• TASK PROMPT: Every line from the one with "Casa construida a" through the end of the entries below should be written out exactly; the pictures should not.

[Dataset excerpts]
▬▬▬▬▬▬

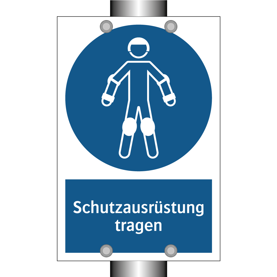 Gebotsschild mit dem Text Schutzausrüstung tragen
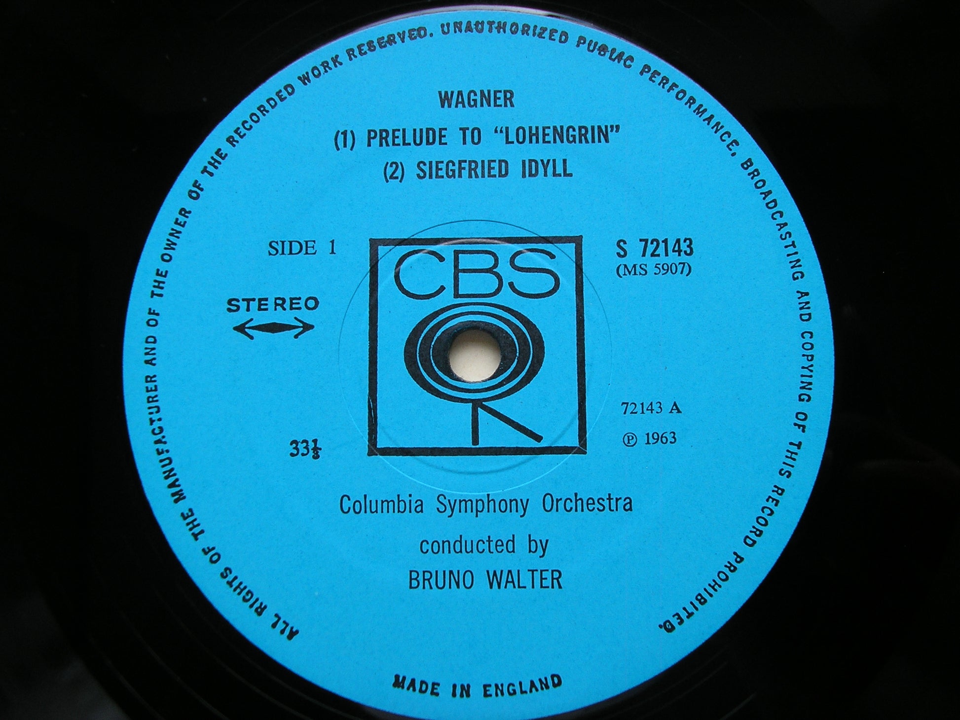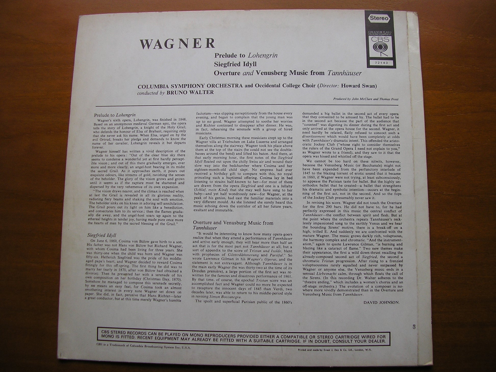 72143  WAGNER: LOHENGRIN Prelude / TANNHAUSER Overture & Venusberg Music / SIEGRIED IDYLL        BRUNO WALTER / COLUMBIA SYMPHONY ORCHESTRA
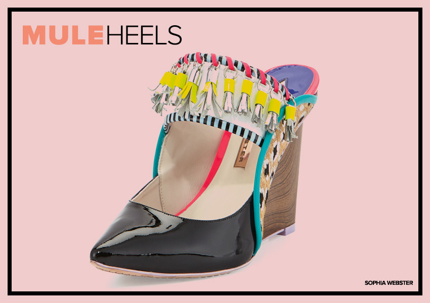 Making a comeback from decades past, the mule has been seen on celebrities everywhere. They’re most popular in neutral tones, but make a real statement in a bright colour. Whether peep toes or closed and pointy, this shoe is comfortable and fashion-forward.
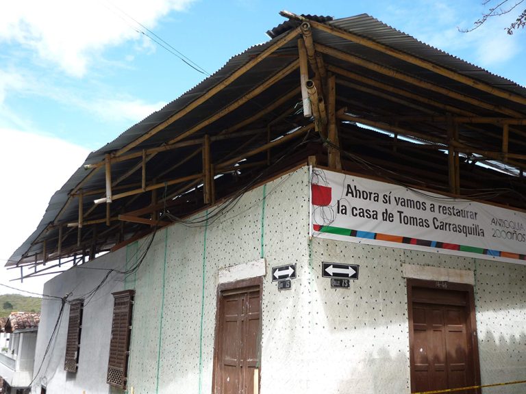 Casa construida a mediados del siglo XIX con estilo colonial y de características sencillas muy típicas de la vivienda de ese periodo de la arquitectura, está ubicada en la esquina nororiental del Parque Principal del Municipio y posee gran interés para todos los habitantes del pueblo y para los turistas que llegan a conocer la cuna del Costumbrismo Antioqueño, personificado en su habitante más ilustre, don Tomás Carrasquilla.
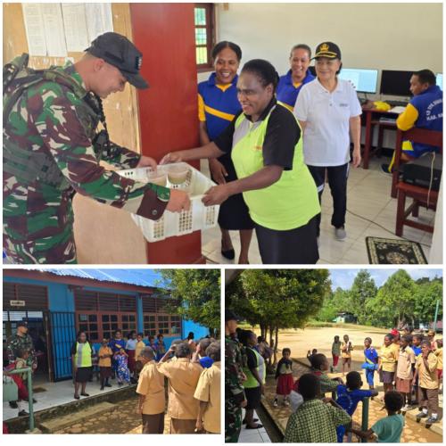 Tebar Kasih Sayang Ditanah Papua, Saat Satgas Yonif 641/Bru Bagikan Snack Secara Gratis

▬▬▬▬▬▬

• RESULT OF THE TASK:
 Casa construida a mediados del siglo XIX con estilo colonial y de características sencillas muy típicas de la vivienda de ese periodo de la arquitectura, está ubicada en la esquina nororiental del Parque Principal del Municipio y posee gran interés para todos los habitantes del pueblo y para los turistas que llegan a conocer la cuna del Costumbrismo Antioqueño, personificado en su habitante más ilustre, don Tomás Carrasquilla.
 Tebar Kasih Sayang Ditanah Papua, Saat Satgas Yonif 641/Bru Bagikan Snack Secara Gratis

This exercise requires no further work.